The data below holds the lines to copy: everything from the line containing "This official #5" to the line containing "Personalisierter Name und", both ends included, set down exactly.

Segment Start: Available records

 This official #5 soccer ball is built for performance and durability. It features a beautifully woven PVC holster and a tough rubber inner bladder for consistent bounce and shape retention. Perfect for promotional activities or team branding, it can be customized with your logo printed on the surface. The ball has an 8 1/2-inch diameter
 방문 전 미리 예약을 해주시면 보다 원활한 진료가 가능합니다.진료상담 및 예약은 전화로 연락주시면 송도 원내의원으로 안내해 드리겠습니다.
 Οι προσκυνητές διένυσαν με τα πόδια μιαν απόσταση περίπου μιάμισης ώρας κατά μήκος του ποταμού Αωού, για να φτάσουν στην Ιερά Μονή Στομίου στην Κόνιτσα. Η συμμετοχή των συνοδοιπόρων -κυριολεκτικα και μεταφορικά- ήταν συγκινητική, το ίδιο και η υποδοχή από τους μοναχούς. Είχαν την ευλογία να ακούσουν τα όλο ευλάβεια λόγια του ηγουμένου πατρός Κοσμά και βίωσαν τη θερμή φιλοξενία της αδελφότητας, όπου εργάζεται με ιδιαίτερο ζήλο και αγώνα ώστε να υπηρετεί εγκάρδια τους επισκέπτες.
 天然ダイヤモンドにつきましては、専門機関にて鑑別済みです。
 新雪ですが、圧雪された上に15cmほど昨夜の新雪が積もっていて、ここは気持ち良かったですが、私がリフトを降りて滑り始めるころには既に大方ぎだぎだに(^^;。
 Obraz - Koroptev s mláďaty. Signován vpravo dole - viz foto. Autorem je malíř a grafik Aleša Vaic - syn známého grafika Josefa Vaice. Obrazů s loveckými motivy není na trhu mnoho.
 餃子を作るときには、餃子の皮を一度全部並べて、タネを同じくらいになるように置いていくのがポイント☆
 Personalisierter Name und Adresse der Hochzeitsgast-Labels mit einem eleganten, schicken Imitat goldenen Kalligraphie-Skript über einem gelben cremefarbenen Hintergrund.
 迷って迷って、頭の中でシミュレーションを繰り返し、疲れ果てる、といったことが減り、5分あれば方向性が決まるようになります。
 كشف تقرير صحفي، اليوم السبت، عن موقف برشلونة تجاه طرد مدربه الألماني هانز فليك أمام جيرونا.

Segment End: Available records
Segment Start: Available records

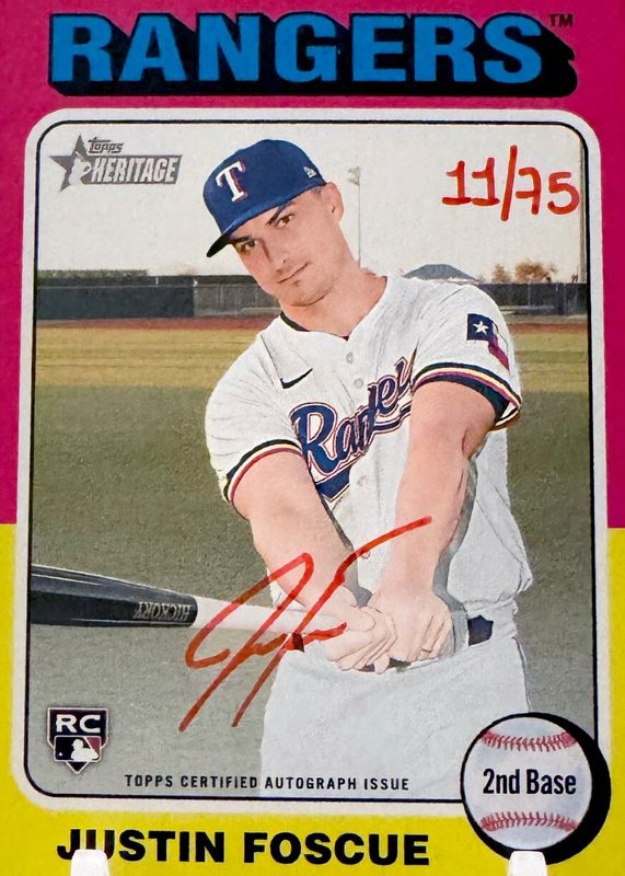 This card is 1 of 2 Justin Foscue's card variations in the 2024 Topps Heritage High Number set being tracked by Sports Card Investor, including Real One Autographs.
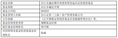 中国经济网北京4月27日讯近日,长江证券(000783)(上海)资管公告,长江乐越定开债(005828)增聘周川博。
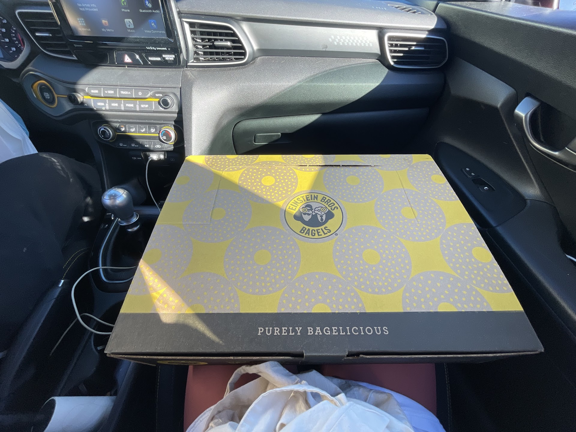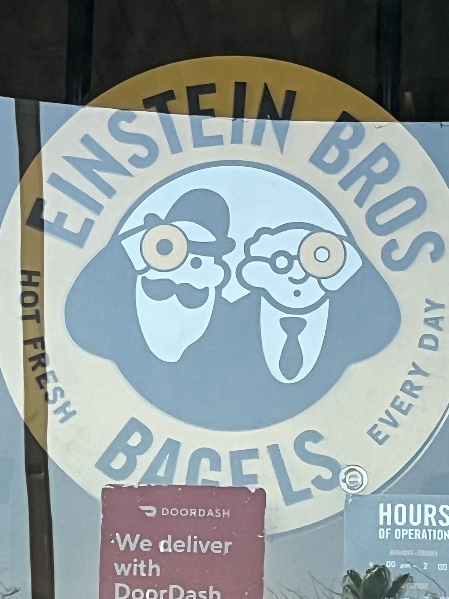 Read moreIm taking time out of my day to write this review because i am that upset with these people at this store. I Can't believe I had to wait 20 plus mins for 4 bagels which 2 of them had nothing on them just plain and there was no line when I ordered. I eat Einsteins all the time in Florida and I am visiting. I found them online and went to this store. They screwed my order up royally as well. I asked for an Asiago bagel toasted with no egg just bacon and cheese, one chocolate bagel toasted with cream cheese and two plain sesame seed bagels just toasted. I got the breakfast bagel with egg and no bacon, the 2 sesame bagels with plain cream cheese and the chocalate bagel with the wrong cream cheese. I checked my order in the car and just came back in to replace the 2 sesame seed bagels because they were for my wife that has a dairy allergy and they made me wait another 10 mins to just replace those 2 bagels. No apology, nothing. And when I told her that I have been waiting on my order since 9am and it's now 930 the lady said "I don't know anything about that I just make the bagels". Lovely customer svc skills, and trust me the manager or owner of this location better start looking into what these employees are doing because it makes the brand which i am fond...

Segment End: Available records

§ Completed exercise:
 This official #5 soccer ball is built for performance and durability. It features a beautifully woven PVC holster and a tough rubber inner bladder for consistent bounce and shape retention. Perfect for promotional activities or team branding, it can be customized with your logo printed on the surface. The ball has an 8 1/2-inch diameter
 방문 전 미리 예약을 해주시면 보다 원활한 진료가 가능합니다.진료상담 및 예약은 전화로 연락주시면 송도 원내의원으로 안내해 드리겠습니다.
 Οι προσκυνητές διένυσαν με τα πόδια μιαν απόσταση περίπου μιάμισης ώρας κατά μήκος του ποταμού Αωού, για να φτάσουν στην Ιερά Μονή Στομίου στην Κόνιτσα. Η συμμετοχή των συνοδοιπόρων -κυριολεκτικα και μεταφορικά- ήταν συγκινητική, το ίδιο και η υποδοχή από τους μοναχούς. Είχαν την ευλογία να ακούσουν τα όλο ευλάβεια λόγια του ηγουμένου πατρός Κοσμά και βίωσαν τη θερμή φιλοξενία της αδελφότητας, όπου εργάζεται με ιδιαίτερο ζήλο και αγώνα ώστε να υπηρετεί εγκάρδια τους επισκέπτες.
 天然ダイヤモンドにつきましては、専門機関にて鑑別済みです。
 新雪ですが、圧雪された上に15cmほど昨夜の新雪が積もっていて、ここは気持ち良かったですが、私がリフトを降りて滑り始めるころには既に大方ぎだぎだに(^^;。
 Obraz - Koroptev s mláďaty. Signován vpravo dole - viz foto. Autorem je malíř a grafik Aleša Vaic - syn známého grafika Josefa Vaice. Obrazů s loveckými motivy není na trhu mnoho.
 餃子を作るときには、餃子の皮を一度全部並べて、タネを同じくらいになるように置いていくのがポイント☆
 Personalisierter Name und Adresse der Hochzeitsgast-Labels mit einem eleganten, schicken Imitat goldenen Kalligraphie-Skript über einem gelben cremefarbenen Hintergrund.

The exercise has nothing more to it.